OSPREY (2021) — Zhang et al. [42]

One of the latest tools based on constraint solving. Introduced probabilistic constraints to potentially cope with inherent uncertainty in variables and types due to information lost during compilation.

Key Difference from TRex: While OSPREY uses probabilities to model uncertainty and emits nominal types deemed most likely in the final phase, TRex uses structural types to preserve complete information about program behavior until the final phases.

Availability: Cannot obtain any of the above tools.
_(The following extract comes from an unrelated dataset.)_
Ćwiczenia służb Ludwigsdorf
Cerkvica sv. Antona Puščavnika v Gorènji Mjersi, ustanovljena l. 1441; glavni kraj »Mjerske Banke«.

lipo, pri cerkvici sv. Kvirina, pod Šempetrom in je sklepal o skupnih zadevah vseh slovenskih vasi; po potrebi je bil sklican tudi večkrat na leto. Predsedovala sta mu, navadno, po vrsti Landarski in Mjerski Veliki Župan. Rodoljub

BinSub (2024) — Smith [33]

A concurrent work focusing on replicating Retypd in a simpler, more efficient manner by leveraging the framework of algebraic subtyping. Both the system and dataset are publicly available—we look forward to future evaluations with both BinSub and TRex.

Learning-Based Approaches

StateFormer (2021) — Pei et al. [27]

Demonstrated the power of a clever use of neural networks for this domain:

  1. Pre-training: Fully self-supervised step teaching the model to statistically approximate operational semantics of instructions in both forward and backward directions using very few execution states
  2. Fine-tuning: Uses learned operational semantics to infer types

Comparison to TRex:

  • StateFormer outputs only a fixed set of 35 types
  • Key strength: Explicit learning of instruction semantics, valuable for new instructions or ISAs

DIRTY (2022) — Chen et al. [7]

Features a transformer neural network (trained on large corpus of open-source C projects from GitHub) that recommends variable names and types as a post-processor of decompilation outputs.

Comparison to TRex:

  • Supports 48,888 types encountered in corpus
  • Still limited to previously-seen types
  • Authors suggest Byte Pair Encoding [32] to support previously-unseen struct types as future work

ReSym (2024) — Xie et al. [39]

Uses fine-tuned large language models with a Prolog-based reasoning system for variable and type recovery.

Limitations:

  • Approximate halving of accuracy on out-of-distribution functions
  • Output hard to depend upon (§5.3)

7. Concluding Remarks

Lack of high-quality source-level types has plagued decompiled code for decades despite advances in the art and science of decompilation. In this paper, we presented TRex, a new tool that performs automated deductive type inference for binaries using a new perspective, Type Reconstruction.

Key Insights

  1. Type Reconstruction perspective: Accounts for the inherent impossibility of recovering lost source types
  2. Structural types: Guide analyses to capture program behavior precisely
  3. Type rounding: Converts precise-but-verbose structural types to C-like nominal types for human readability
  4. NP-hardness: Type rounding is NP-hard, yet our greedy algorithm works reasonably well in practice

Results

  • Improvement on 124 of 125 benchmark binaries compared with Ghidra
  • 24.83% higher average score than Ghidra
  • Robust across compiler optimization levels

Broader Implications

We hypothesize that the field of decompilation's focus on the impossible goal of recovering lost source code has contributed to the increasing complexity of tools and techniques in the academic literature. To the extent that this complexity "overfits" to a particular compilation technique or even a particular compiler, this may also explain why these techniques are not used in practical decompilers.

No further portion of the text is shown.